From the years I used to follow them on the Denver Nuggets, the two players could not be more different. Nene approached the game selflessly. He banged under the boards for rebounds. He looked to get his teammates involved. He took charges and was unafraid of contact. He was known as a grit player and exhibited a tremendous amount soft-skills. These same soft-skills do not show up on any stat sheets as there is no process for measurement. Toughness is at the forefront of the list.

Melo, on the other hand, chose the jump shot over driving to the basket. He didn’t move around much to get open. He didn’t play any significant level of defense. Some said he is soft. Some said he played selfishly. Melo kept shooting and avoiding contact to protect his instrument from damage and secured long term investments toward future contracts.

Carmelo Anthony’s infamous sign and trade deal at the end of his tenure with the Nuggets completely dismantled his destination team, the New York Knicks. The Knicks traded four of their rising stars to free up salary cap space for the mega-star. He forced his new team to dismantle themselves to be able to afford his “I.” They awarded him a ludicrous paycheck of $77.5 million over the next four seasons.


Nene, a good teammate, would be doomed to the annals of mediocrity in the history of the game. During the same period of Melo’s first contract with the Knicks, Nene banked $50.4 million. He made $27 million dollars less.

Nene Hilario stands a .06% probability of making the Hall of Fame{1}.

Over the course of their careers Nene has had an almost ten percent higher shooting efficiency. Carmelo has 12.4 more points per game and shoots 11.1 more shots per game. Nene hits the high percentage shots. Anthony just takes a lot more shots with blatant disregard for his teammates being open and he himself being covered.

I always loved watching Nene play. I would get infuriated by Carmelo’s refusal to drive to the basket through a lesser defender. He often chose to take a lazy, off-balance, contested jumper. More often than not he would miss it, especially when the game was on the line.


Today I would rather be Carmelo Anthony. Sorry, Nene.
The coaches and bosses tell people, “There is no I in team.” I respond with a cliche of my own, “It’s just business.”

The bosses and owners want more profitability, return on investment, and golden parachutes.
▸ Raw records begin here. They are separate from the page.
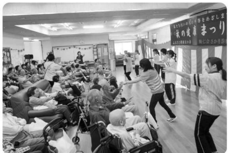
職員の元気な踊りを披露
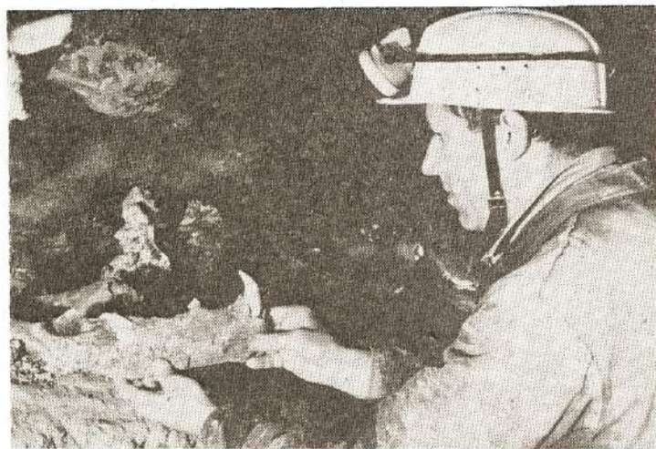
Радови на ископавању у пећини Рисовача изводе се ужурбане. Међу стручњацима су и рудари Рудника ватросталних глина.

руженог рада депоноваће у менице — у складу са законом о обезбеђењу средстава за инвестиције. Своју сагласност да се на такав начин обезбеди гаранција дао је и Управни одбор фонда за изградњу акумулационог система Гараша, из којег ће се Аранбеловац и његова привреда снабдевати водом, чиме ће тај проблем бити дугорочно решен.
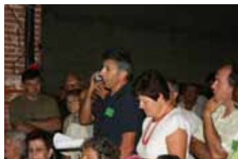
E che canti!
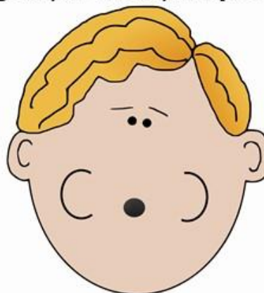
Zrób balon z buzi
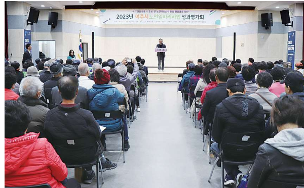
노인일자리 및 사회활동지원사업 종결평가회 (11.15)
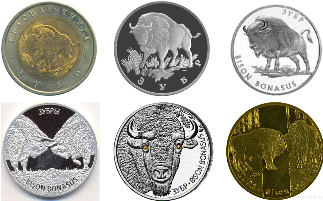
Рис. 6. Порівняння українських «зубрових» монет з аналогами-«попередниками» та «послідовниками»: верхній ряд — російська 1994 р. та 1997 р., українська 2003 р.; нижній ряд — білоруська 2012 р. зі срібла номіналом «20 руб.», білоруська 2012 р. золота з діамантами номіналом «20 руб.», польська 2013 р. «2 злотих».

Fig. 6. Comparison of Ukrainian "bison" coins with analogues, as "predecessors" as "followers". Top row: Russian 1994 and 1997, Ukrainian 2003; bottom row: Belarusian 2012 silver with a face value of "20 rubles", Belarusian 2012 gold with diamonds with a face value of "20 rubles", Polish 2013 with a face value of "2 zloty".
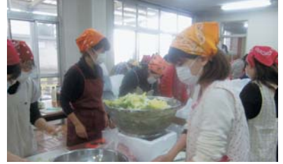
大量の野菜をみんなで切る作業
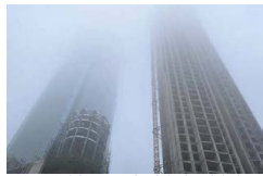
浓雾笼罩 高楼如楼团
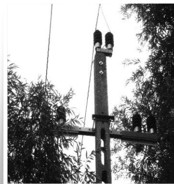
Fűzfaágak 20 kV biztonsági övezetében (gyakorlatilag hozzáér a fázisvezetőhöz)
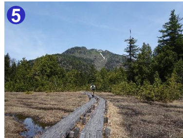
5 小沼湿原から望む燧ヶ岳です。湿原では、植物の芽吹きが始まっています。
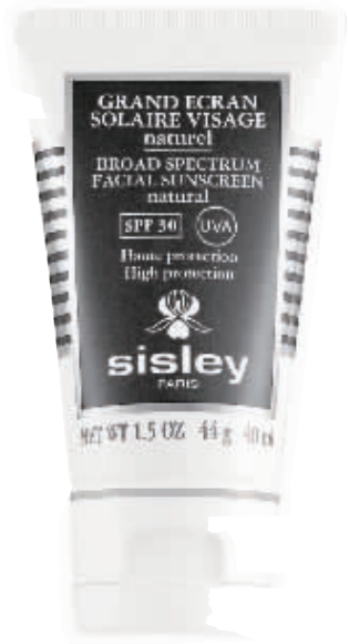
希思黎 防晒隔离霜

防晒系数:SPF 50+/PA+++黄芩萃取物拥有优越的抗炎 & 抗氧化效果,海草萃取物的水律微囊,给肌肤提供水分,加强肌肤弹性。粉状乳化科技,减少防晒霜的油性或黏性。
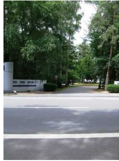
Weg Bushaltestelle Hoteleingang
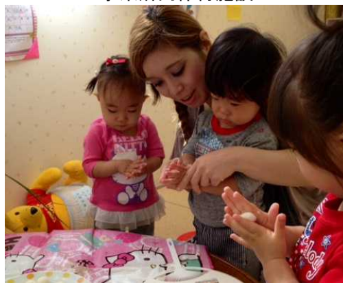
事業所内保育施設

スタッフの急な休みにも「お互い様風土」が根付いているため、従業員が快くお休みを受け入れてくれます。また、育児休業に関しては、母親になる女性だけでなく、男性にも積極的に取得を促しています（取得率100%）。
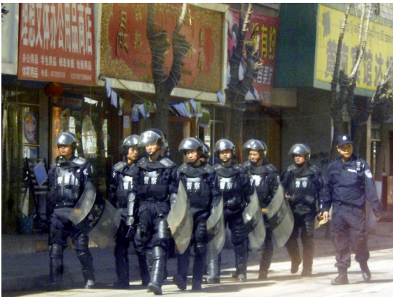
China, Juni/Juli 2009
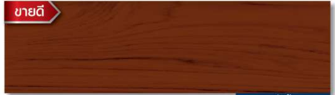
พื้นด้าน - สีไม้วอลนัท WD-504
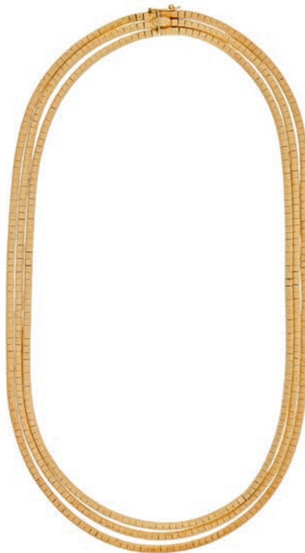
1264 Gold-Collier, Italien, Mitte der 70er Jahre, drei Reihen in verschiedener Länge, 14K GG, ca. 41,5g, dreifach punziert, L. ca. 42-44cm, in gutem Erhaltungszustand. (Abbildung auf 80% verkleinert) 1550,—
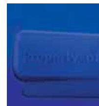
marcature a rilievo engraving marquage en relief
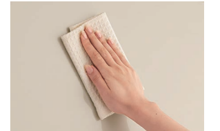
※長くお使いいただくために、やわらかい布でお手入れしてください。

※各写真・イラストはイメージです。見積内容とは異なる場合がありますので、ご注意ください。

The employees want a generous paycheck, creature comforts, longevity, and opportunities for advancement. They want to become the bosses and owners one day.

You’ve got to have stars though. Golf hasn’t been much without Tiger Woods. Basketball hurt for a long while after Michael Jordan hung up his Wizard’s jersey.


The “no I in team” folks may not like it, but they need the divas. Odell Beckham’s hair may not win games, but it sure captures the imagination and imitation of the younger generation. One cannot go to a youth sports game today without a few of the young athletes sporting his signature faded frohawk. OBJ’s one handed acrobatic catches may yield inconsistent results, but they sure get the viewers to tune in. He is expected to make around $20 million dollars per season with his upcoming contract. That’s three million more than Antonio Brown, the NFL’s most productive receiver.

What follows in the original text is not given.